Part Thirty Four: Two Weeks Notice

J Hunter
J Hunter
Sep 5, 2018 · 4 min read
Image via Pexels

At 4:29pm a week before I go on vacation, I email my two weeks notice resignation letter to the CEO and the Director of Administrivia, and then head straight to happy hour with my friend.

I’ve had the letter ready to send as a pdf for a week already, and have taken great pleasure in signing it electronically so that no hard copy of the letter exists. As my friend and I are sitting at the bar celebrating the end of a week and my ability to resign from the Form Letter Factory, I check my personal email on my phone and see that four minutes after I sent my resignation letter to the CEO, I had an email from her asking if I was interested in having a confidential feedback session with her on my time there.

I quickly email back that yes, I would be happy to share my thoughts on my time there, and my friend and I start strategizing. I want to make sure that my feedback to the CEO is constructive, as she’s only been in the job for three months, so has inherited the insanity of the Form Letter Factory and their outdated systems. So none of this is her fault. Also, I want my feedback to be constructive in a way that she doesn’t get defensive about her organization so that she might hear me and implement some of the changes.

I get into the feedback meeting with her with a list of things to tell her and some prepared ways of approaching my talking points. Similar to the whole team feedback session with the Director of Administrivia, but with less contempt for incompetencies.

I mention carefully that I’ve spent a lot of my time at the Form Letter Factory asking why certain things are the way they are and the CEO’s eyes light up. She says she loves people who question things as she has a science and engineering background. It’s a pity she’s the CEO of the Form Letter Factory — if the work wasn’t so deathly boring, she’d be a good person to work for. I then mention that whenever I asked the question of ‘why’ I got a lot of pushback, so eventually I just stopped asking. She responds that she can understand the reasons I would have gotten that feedback, which makes me think that while she’s not saying it outright, she knows exactly what’s going on here and who’s not pulling their weight. Good news.

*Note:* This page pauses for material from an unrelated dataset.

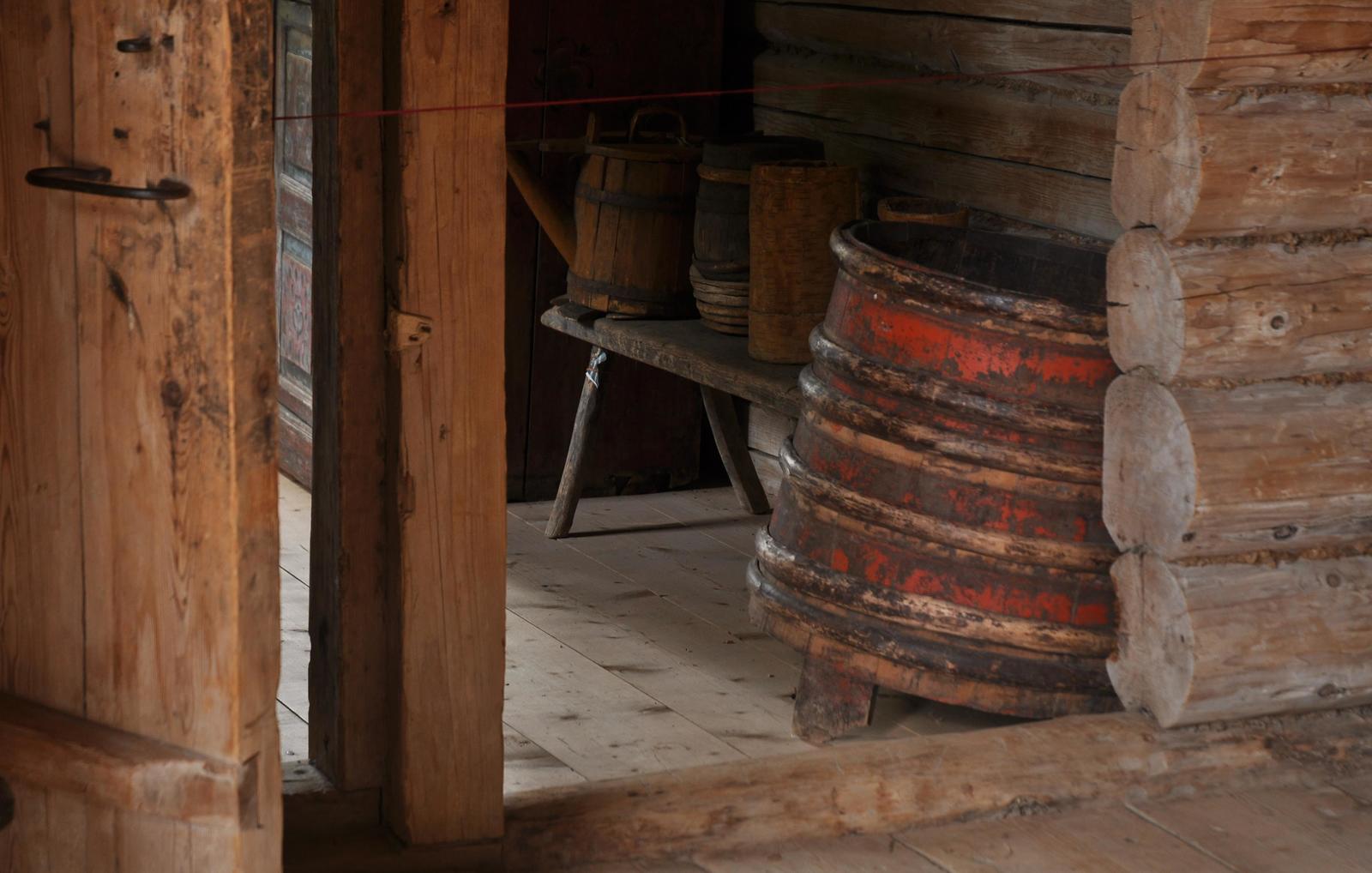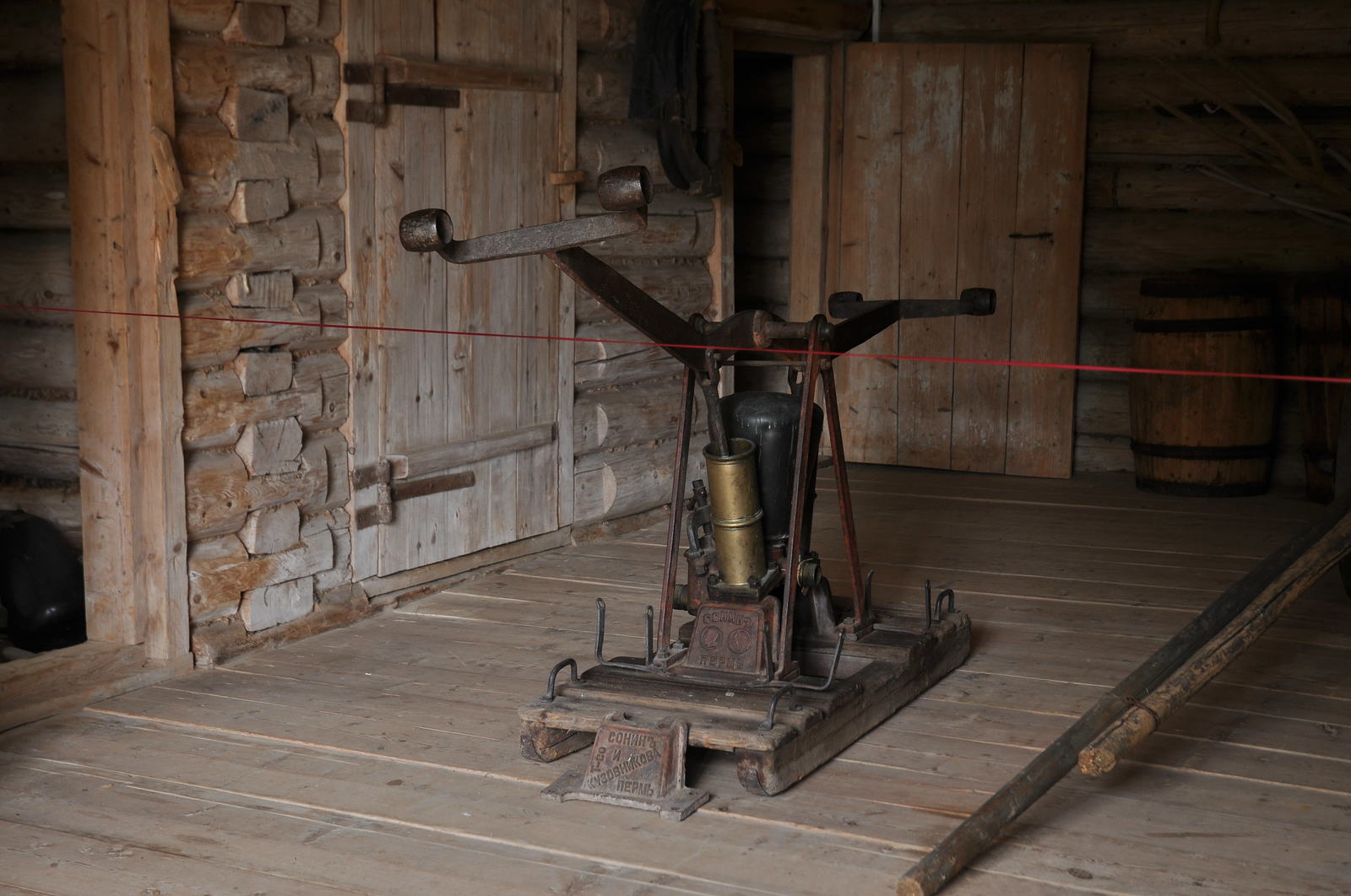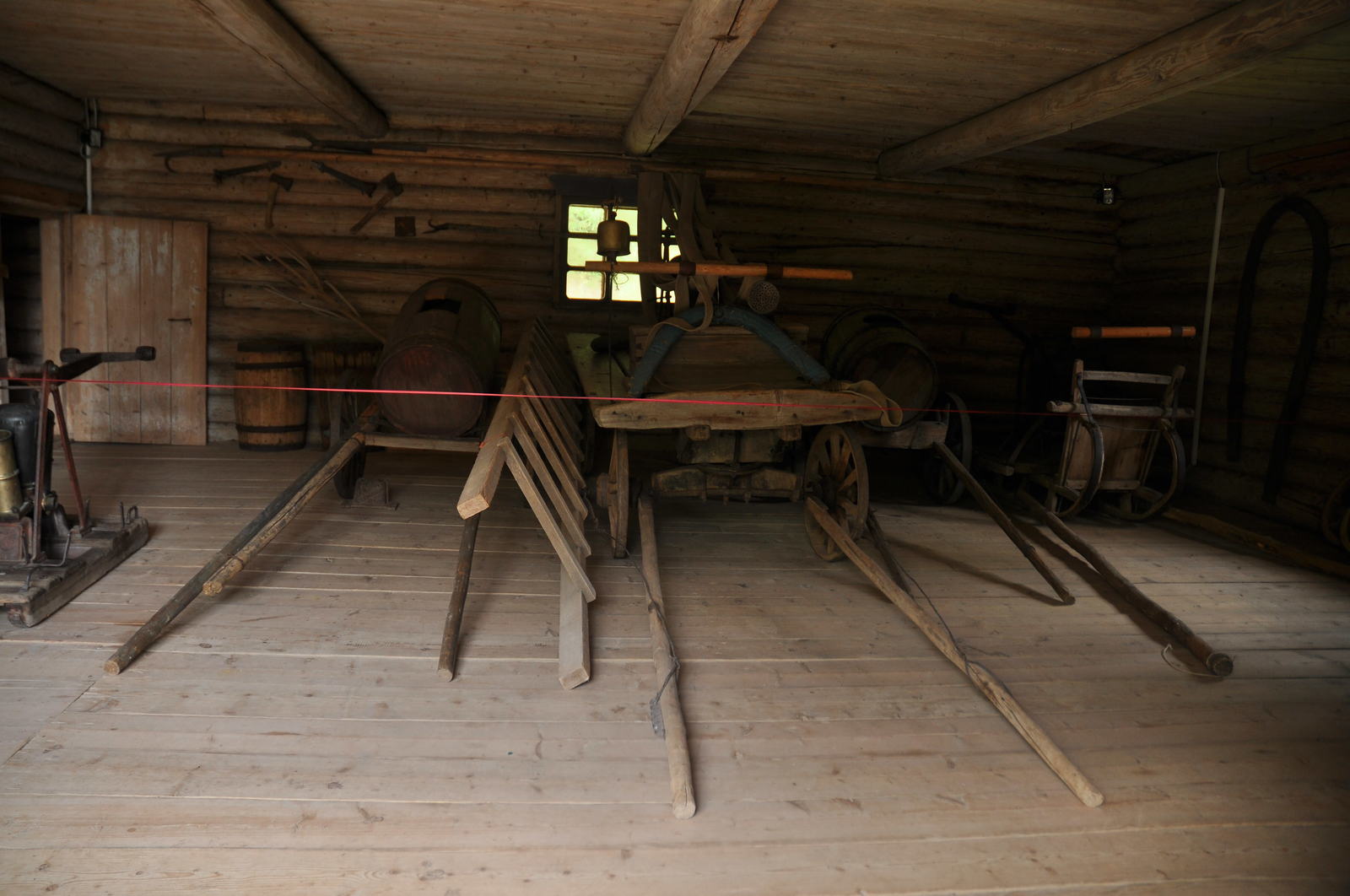Внутри представлены основные крестьянские орудия для сушки, молотьбы и веяния зерна, а также деревянная веялка и механическая молотилка - машина, появившаяся в крестьянских хозяйствах с 80-х гг. XIX в.

The CEO is surprised that it takes our typing pool 48hrs to turn around a pdf that normally takes her personally only a few hours to write and collate. I mention that some of our systems duplicate work, but also point out that there’s several levels of management for getting a form letter into the mail, which can be frustrating when you’re checking for double spacings at the end of each sentence. She laughs and says she really hopes that no one is sending things back over double spaces being missed in letters, to which I laugh and tell her I had a letter sent back to me by my supervisor telling me that I had missed three spaces in a four page document, but neither fixing it herself nor showing me where I had missed said spaces! She’s both horrified and resigned to the scale of change that she’s working to create.

I ask if she’s ever read the Goldbricking paper that my friend at work sent me and she’s not aware of the concept, so I promise to send it to her and tell her that it perfectly encapsulates both the work ethic of the Form Letter Factory and the logic behind it taking 48hrs to turn around a single letter.

At the end of the meeting she wishes me well and tells me to reach out if I ever need anything. Despite the fact that I know she’s just saying that to seem nice like everyone else in this city with their fake niceness, I almost believe her. I wish her well sincerely — I really hope she manages to bring an end to the gravy train and drag that office into the 21st Century workplace. However, for now, I’m just glad it’s no longer my problem.

On my final day at the Form Letter Factory, there’s already another woman in the typing pool who’s leaving for a job offer in Tokyo, and the Irish woman who had been there for only a week also leaves because she gets a job offer in her field of expertise, so doesn’t need a typing pool to pay the rent. This leaves the Form Letter Factory with a typing pool of three, only one of whom has been there longer than the six months I was stuck in the job.

Our supervisor is frustrated that she can’t get any applications for jobs from recruiting firms to fill any of the typing pool positions after she offers a temp role to someone who also turns them down. She doesn’t realize that it’s because my friend and the Irish woman both gave negative feedback to their recruiters about the Form Letter Factory. She may also want to check my review on Glassdoor, but given that everything in that office is on paper, I doubt they know Glassdoor exists.

I wipe the Form Letter Factory from my LinkedIn profile and delete the request from the Director of Administrivia. When my final paycheque arrives from them in the mail the next week, it comes with a handwritten carbon copy government employment record form, which I didn’t think even existed anymore! It’s perfect as it sums up that place exactly. I wasted six months of my life and intellect in that office and I’m finally free.